A growing chorus is calling for some sort of discipline measure against a professor who said on his personal Facebook page that all Republicans are “racist scum” and additional comments that appeared to support violence against the GOP.
Assistant Professor Bart Knijnenburg, who makes nearly $100,000 annually teaching human-centered computing at the public university, had posted earlier this month that “All Trump supporters, nay, all Republicans, are racist scum.”
He added: “All Republicans? Yes. Your complacency made this happen. Pick a side: denounce your affiliation or admit you’re a racist.”
Additional comments Knijnenburg made on Facebook likened Trump voters to the KKK and said: “I admire anyone who stands up against white supremacy. Violent or non-violent. This needs to stop, by any means necessary. #PunchNazis.”
Knijnenburg (pictured) has not apologized since his comments were publicized. The College Fix reached out to him for a comment but received no response.
Shock and concern among Clemson University students and alumni prompted President James Clements and Faculty Senate President Amy Lawton-Rauh to allude to Professor Knijnenburg’s remarks in an email Aug. 25 to the campus community.
While not citing Knijnenburg by name, the email stated in part that “expressions of hatred or violence have no place in our campus dialogue.”
“No matter how strongly members of our community may disagree on a subject, we simply must be able to elevate our conversation to a point where we can respectfully and intelligently debate the issues we face,” they continued.
But some believe that a more immediate and condemning response is needed.
South Carolina state Sen.
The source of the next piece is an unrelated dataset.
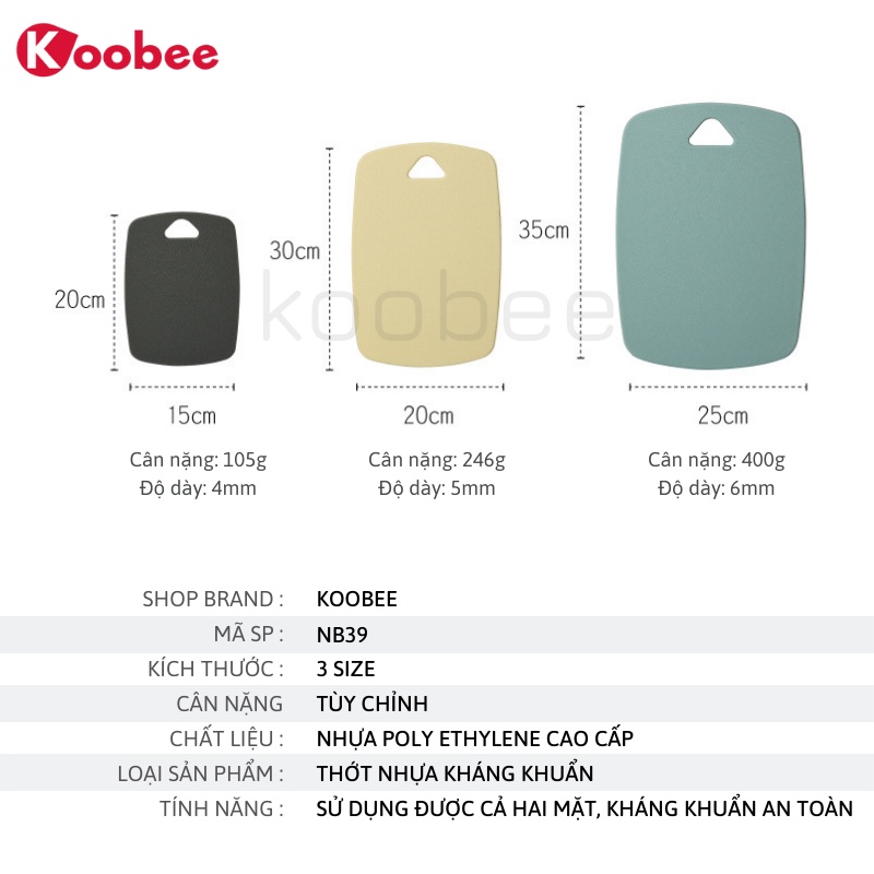 🔰TÊN SẢN PHẨM:Bộ 3 cái thớt nhựa kháng khuẩn cao cấp - Bộ thớt nhựa chế biến ăn dặm cho bé không mùi an toàn 100% KooBee (NB39)

Katrina Shealy said “I think they need to fire him, and the state of South Carolina needs to cut off funding for Clemson until they get rid of him,” reports Fits News.
Some students at Clemson also have concerns.
“It’s disappointing to see a Clemson professor contribute to the divisiveness plaguing the nation right now. We have the opportunity to improve things and keep campus a welcoming place for all. Professor Knijnenburg clearly isn’t interested in that,” Alex Cullen, a genetics major at Clemson University, told The College Fix.
And Clemson alum Paul Gilbert told The College Fix in an email that if Knijnenburg is not terminated, he plans to “box up my diplomas and return them to the university.”
“After all,” he added, “why would I want to see constant reminders of a university that employs people who believe me to be ‘racist scum’ and who wish violence against me because of my conservative political beliefs?”
Outside observers have shared similar sentiments.
In an opinion piece for The Washington Times, Cheryl Chumley argued that “these are the type of situations that call for swift and harsh response.”
“Think about it: If this professor were a Republican attacking Barack Obama, Obama voters and Democratic Party members in such manner, would the outcry go unpunished? Likely not,” she wrote. “The fact this professor is not only allowed to continue to teach, but pretty much protected by his higher-ups — vicious rhetoric, be danged — only shows how far left America’s places of higher learning have leaned of late.”
But some individual rights proponents warns it’s a slippery slope to fire or censure professors for their words, and can backfire on both conservative and liberal-minded professors.
A similar situation unfolded this week in which University of Tampa Professor Ken Storey resigned after he suggested in a tweet that Hurricane Harvey was “instant karma” for Texas voting Republican in the presidential election, causing an uproar and backlash from observers.
“We are concerned by this potential threat to freedom of expression and are investigating this dismissal,” FIRE’s Ari Cohn stated. “While the University of Tampa is a private institution, it promises its faculty freedom of expression. Private institutions cannot make promises to students and faculty only to abandon them when convenient.”
Editor’s note: A previous version of this article stated Storey was fired, based on numerous reports, but the University of Tampa released a statement Aug. 31 saying: “The University of Tampa has accepted Kenneth Storey’s resignation, and he has been relieved of his duties.”